- [Work task]
Nothing but the lines from the first line of the entries through the line with "Secor also talks" should appear in the answer, transcribed exactly and free of pictures.

- [Saved entries]
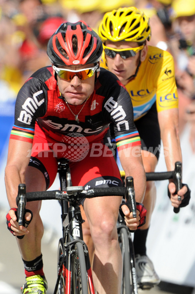レースに臨むBMCレーシングチーム(BMC Racing Team)のカデル・エヴァンス(Cadel Evans、2012年7月8日撮影)。(c)AFP/PASCAL PAVANII
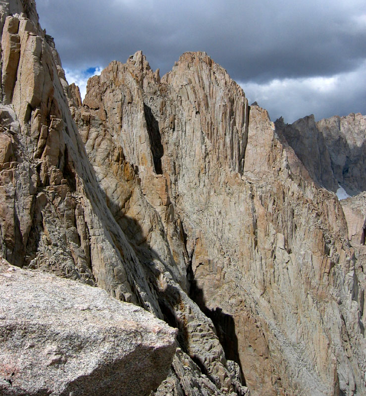 Secor also talks about going under a huge chockstone, but we didn't see that either. Then there's the "much loose rock" warning, but we didn't think it was bad at all. Perhaps we weren't on the described route, in which case ours was better! Page 46 of Secor's book seems to show a line left our chute, but I can't be sure. We just climbed straight up the same chute until within 50' of the saddle north of Corcoran, then angled right below a face (now 300' below the summit), and climbed Class 2-3 straight to the summit. No tricks. No dangerous loose rocks.
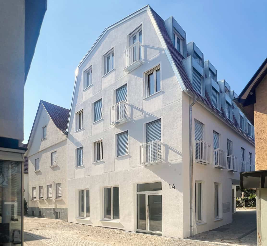 Das alte Gebäude aus dem Jahr 1785 musste nach einem Hagelschaden weichen. An seiner Stelle sollte ein zeitgemäßes Wohn- und Geschäftshaus entstehen – mitten in der Altstadt, wo jeder Quadratmeter zählt. „Wir hatten hier mitten in der Altstadt nur wenige Quadratmeter für die Baustelleneinrichtung und konnten keinen Kran aufstellen“, erzählt Architekt Prof. Michael Meyer. „Daher fiel schon früh die Entscheidung, die gesamte Gebäudehülle ab dem ersten Obergeschoss mit Liapor-Fertigelementen zu errichten, die sich problemlos per Autokran über drei Häuser hinweg einschwenken ließen.“
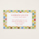 Présentez votre quilting ou couture sur le thème de l'entreprise en style avec ce carte de visite CRAZY QUILT 3.5"x2".* Changez facilement "KATHERINE QUILTER" et tout le texte (slogan, site web, email, téléphone, ville/état) en choisissant "Personnalisez ce modèle", et tapez vos propres informations à la place de ce qui est là maintenant. Modifiez la police, la taille et/ou la couleur de la police à l'aide des options Modifier la conception et Modifier le texte. Ajoutez ou supprimez une ligne, faites tout ce que vous voulez pour la rendre vôtre. * Ce motif de courtepointe est un détail numériquement multiplié de mon dessin au crayon coloré original d'une courtepointe en patchwork coloré. * D'autres cartes de visite, et des produits correspondants sont disponibles dans la catégorie QUILT ART de ma boutique. ** Si vous souhaitez transférer cette conception à un autre type de produit, forme, ou taille, s'il vous plaît vérifier d'abord mon magasin pour voir si j'en ai déjà fait un, parce que je l'ai manipulé pour rendre le design juste adapté et il vous sauvera la tête. Parfois les dessins se transfèrent bien, parfois non. Juste pour. Si vous avez besoin d'aide ou si vous avez une question, envoyez-moi un message.
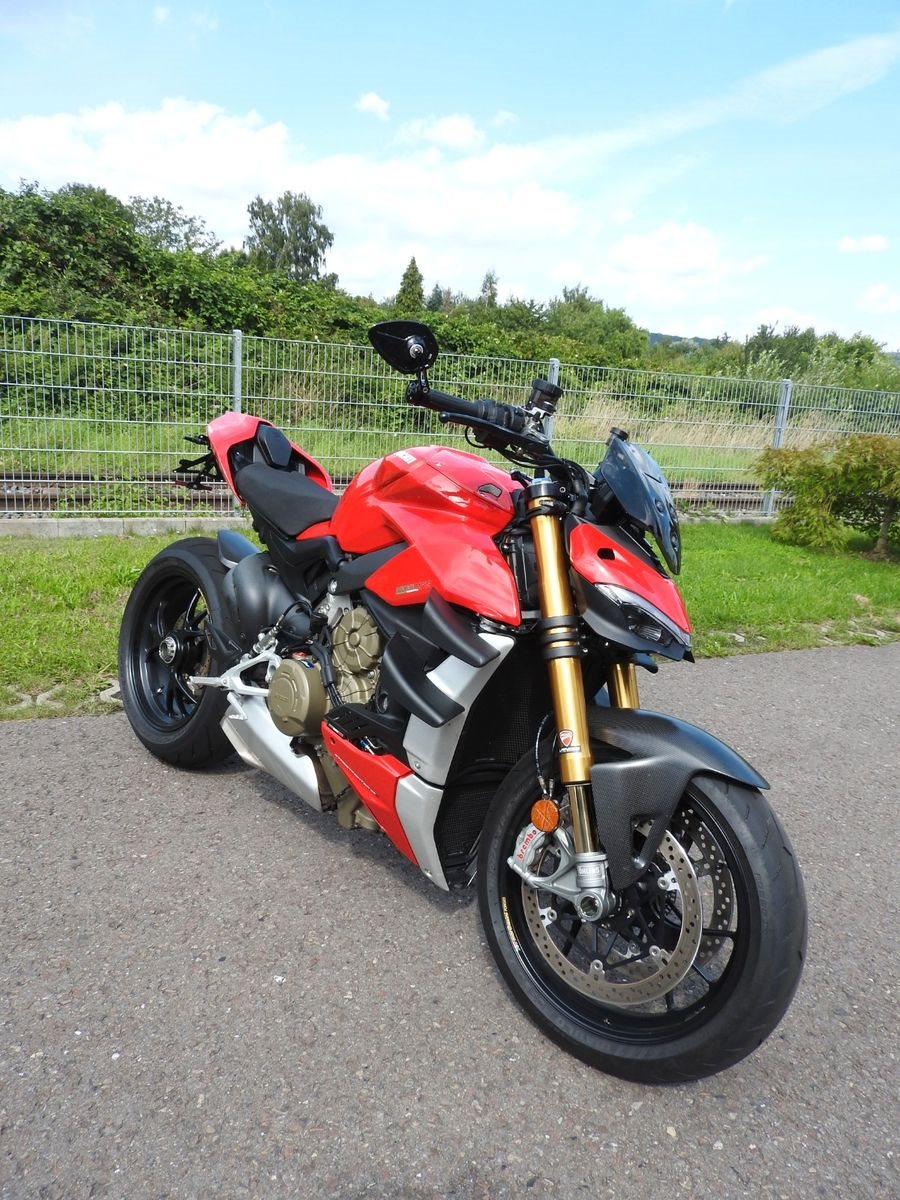 Zum Verkauf steht ein DUCATI Streetfighter V4S (rot) aus dritter Hand mit einer Gesamtfahr-
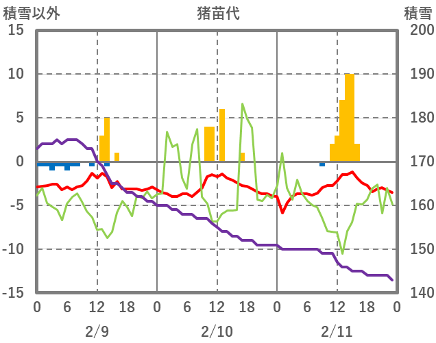 | 日 | 時 | 気温 | 降水 | 風向/風速 | 日照 | 積雪 | 降雪 |
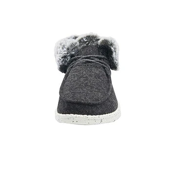 Check these out! They finally are here. These are the black high top shoes with the fur lining inside. They for sure will keep your feet warm on those cold/chilly nights. If you wear a half size, we suggest choosing the next up.Â
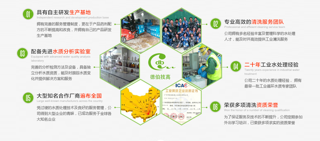具有自主研發的生產基地,專業高效的清洗團隊,配備先進的水質分析實驗室,二十年工業水處理經驗,大型知名合作廠商遍布全國,榮獲多項清洗資質榮譽
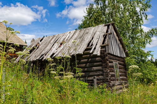 An old abandoned hut on the shore. Lake Tagasuk. Krasnoyarsk Territory, Siberia, Russia
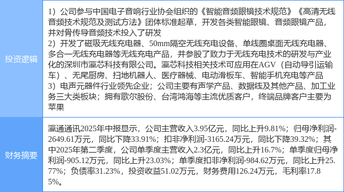 该股为无线充电,智能眼镜/MR头显,苹果产业链概念热股,当日无线充电概念上涨2.43%,智能眼镜/MR头显概念上涨2.18%,苹果产业链概念上涨2.05%。
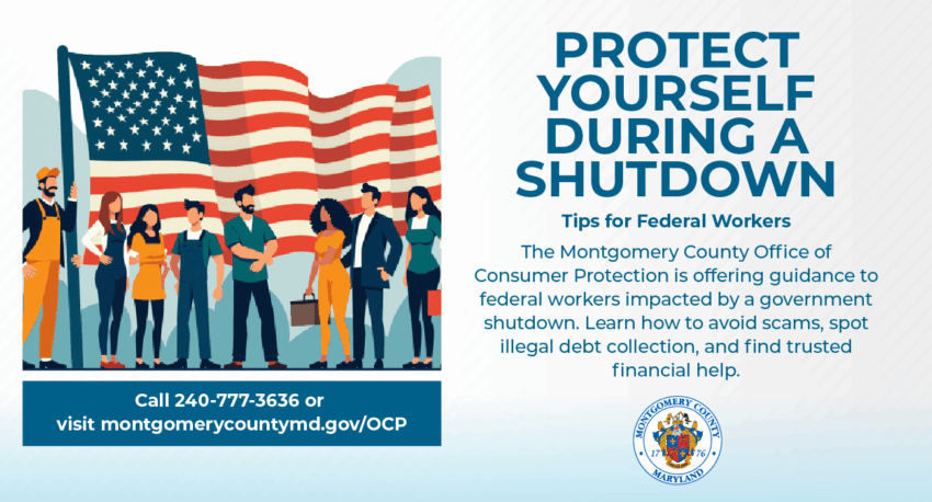 The Montgomery County Office of Consumer Protection (OCP) alerts federal employees and their families on ways to avoid financial scams during the current government shutdown.

- [Solution]
レースに臨むBMCレーシングチーム(BMC Racing Team)のカデル・エヴァンス(Cadel Evans、2012年7月8日撮影)。(c)AFP/PASCAL PAVANII
 Secor also talks about going under a huge chockstone, but we didn't see that either. Then there's the "much loose rock" warning, but we didn't think it was bad at all. Perhaps we weren't on the described route, in which case ours was better! Page 46 of Secor's book seems to show a line left our chute, but I can't be sure. We just climbed straight up the same chute until within 50' of the saddle north of Corcoran, then angled right below a face (now 300' below the summit), and climbed Class 2-3 straight to the summit. No tricks. No dangerous loose rocks.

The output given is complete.